─── Data records

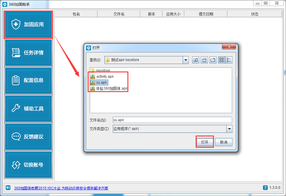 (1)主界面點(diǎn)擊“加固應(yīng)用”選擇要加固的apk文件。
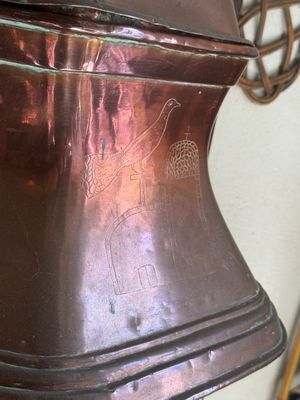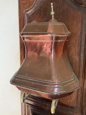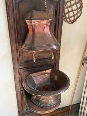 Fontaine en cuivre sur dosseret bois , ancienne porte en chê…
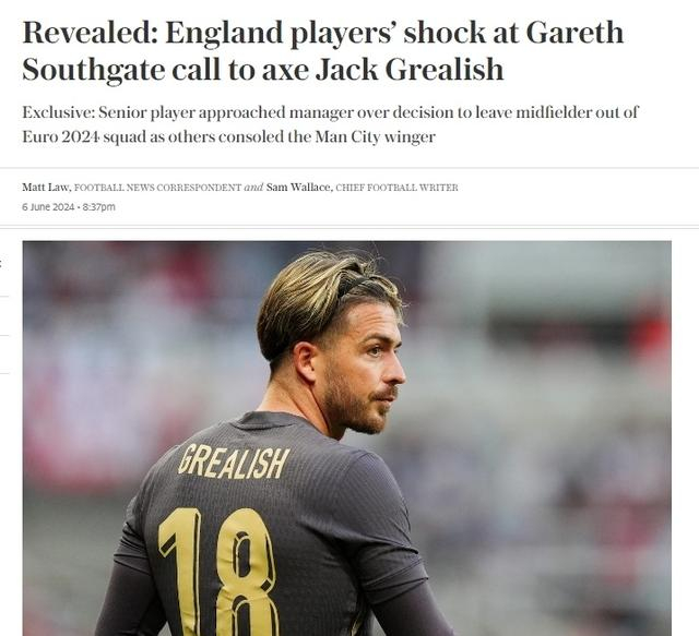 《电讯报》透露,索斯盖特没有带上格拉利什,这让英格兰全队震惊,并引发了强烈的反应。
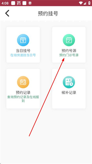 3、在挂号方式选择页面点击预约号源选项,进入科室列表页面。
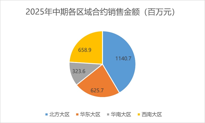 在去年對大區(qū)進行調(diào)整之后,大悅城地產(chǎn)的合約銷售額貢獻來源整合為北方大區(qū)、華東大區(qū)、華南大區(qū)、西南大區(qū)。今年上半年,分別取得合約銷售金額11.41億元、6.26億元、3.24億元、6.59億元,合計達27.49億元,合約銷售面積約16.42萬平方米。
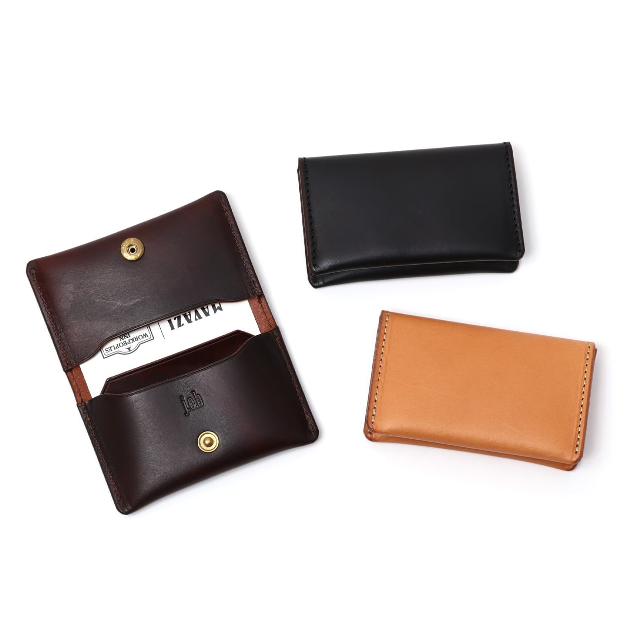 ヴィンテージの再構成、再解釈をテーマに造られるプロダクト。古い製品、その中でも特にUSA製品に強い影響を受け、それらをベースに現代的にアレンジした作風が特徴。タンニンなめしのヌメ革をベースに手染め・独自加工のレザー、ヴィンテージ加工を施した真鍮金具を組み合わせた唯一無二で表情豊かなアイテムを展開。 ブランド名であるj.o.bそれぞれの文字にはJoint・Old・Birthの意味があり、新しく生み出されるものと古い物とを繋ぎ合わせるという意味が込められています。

──────

Print from the line containing "Fontaine en cuivre" through the line containing "在去年對大區(qū)進行調(diào)整" in the data above, exactly as the lines stand, and omit every picture.

 Fontaine en cuivre sur dosseret bois , ancienne porte en chê…
 《电讯报》透露,索斯盖特没有带上格拉利什,这让英格兰全队震惊,并引发了强烈的反应。
 3、在挂号方式选择页面点击预约号源选项,进入科室列表页面。
 在去年對大區(qū)進行調(diào)整之后,大悅城地產(chǎn)的合約銷售額貢獻來源整合為北方大區(qū)、華東大區(qū)、華南大區(qū)、西南大區(qū)。今年上半年,分別取得合約銷售金額11.41億元、6.26億元、3.24億元、6.59億元,合計達27.49億元,合約銷售面積約16.42萬平方米。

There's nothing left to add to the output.